» **Exercise goal**: Return the whole listing exactly, omitting the pictures.

» **Given data**:
◆ ◆ ◆ ◆ ◆ ◆ ◆

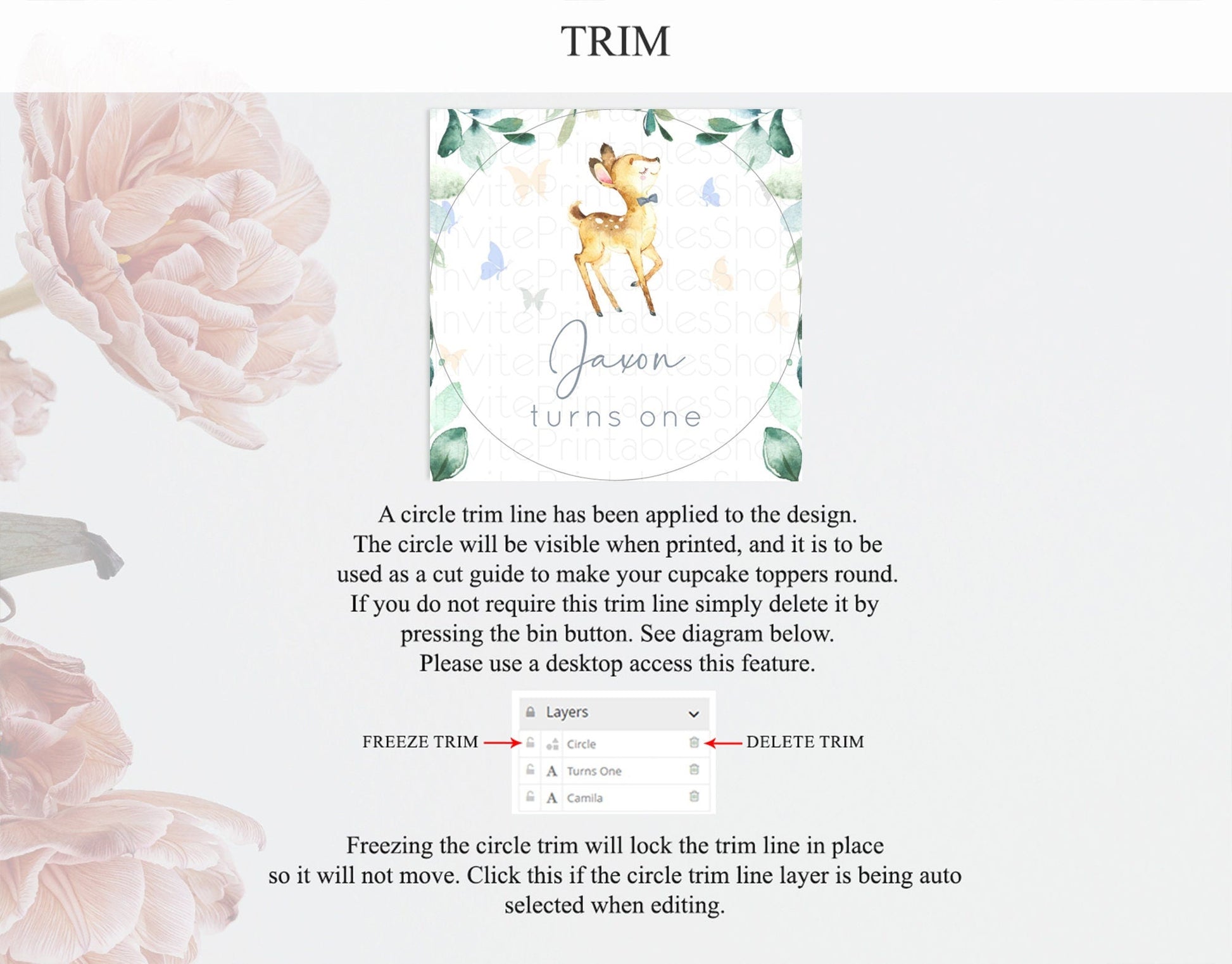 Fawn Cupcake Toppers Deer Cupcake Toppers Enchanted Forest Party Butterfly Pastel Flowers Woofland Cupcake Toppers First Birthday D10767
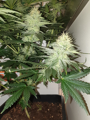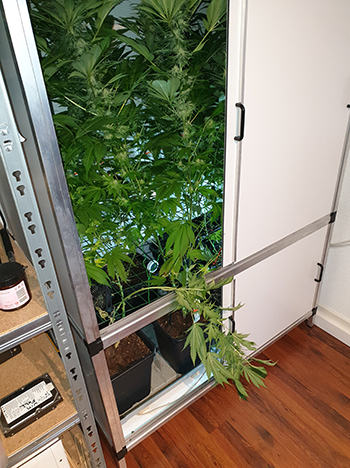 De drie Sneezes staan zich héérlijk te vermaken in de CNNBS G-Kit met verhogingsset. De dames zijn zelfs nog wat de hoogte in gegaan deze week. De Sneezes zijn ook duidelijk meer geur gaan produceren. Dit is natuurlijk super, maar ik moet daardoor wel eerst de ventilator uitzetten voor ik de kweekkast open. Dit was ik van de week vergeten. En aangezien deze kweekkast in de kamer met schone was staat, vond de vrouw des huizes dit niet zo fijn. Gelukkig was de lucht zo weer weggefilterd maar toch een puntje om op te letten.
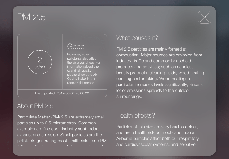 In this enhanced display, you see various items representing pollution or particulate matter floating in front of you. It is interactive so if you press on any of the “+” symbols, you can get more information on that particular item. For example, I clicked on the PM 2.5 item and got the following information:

◆ ◆ ◆ ◆ ◆ ◆ ◆

» **Solved exercise**:
 Fawn Cupcake Toppers Deer Cupcake Toppers Enchanted Forest Party Butterfly Pastel Flowers Woofland Cupcake Toppers First Birthday D10767
 De drie Sneezes staan zich héérlijk te vermaken in de CNNBS G-Kit met verhogingsset. De dames zijn zelfs nog wat de hoogte in gegaan deze week. De Sneezes zijn ook duidelijk meer geur gaan produceren. Dit is natuurlijk super, maar ik moet daardoor wel eerst de ventilator uitzetten voor ik de kweekkast open. Dit was ik van de week vergeten. En aangezien deze kweekkast in de kamer met schone was staat, vond de vrouw des huizes dit niet zo fijn. Gelukkig was de lucht zo weer weggefilterd maar toch een puntje om op te letten.
 In this enhanced display, you see various items representing pollution or particulate matter floating in front of you. It is interactive so if you press on any of the “+” symbols, you can get more information on that particular item. For example, I clicked on the PM 2.5 item and got the following information:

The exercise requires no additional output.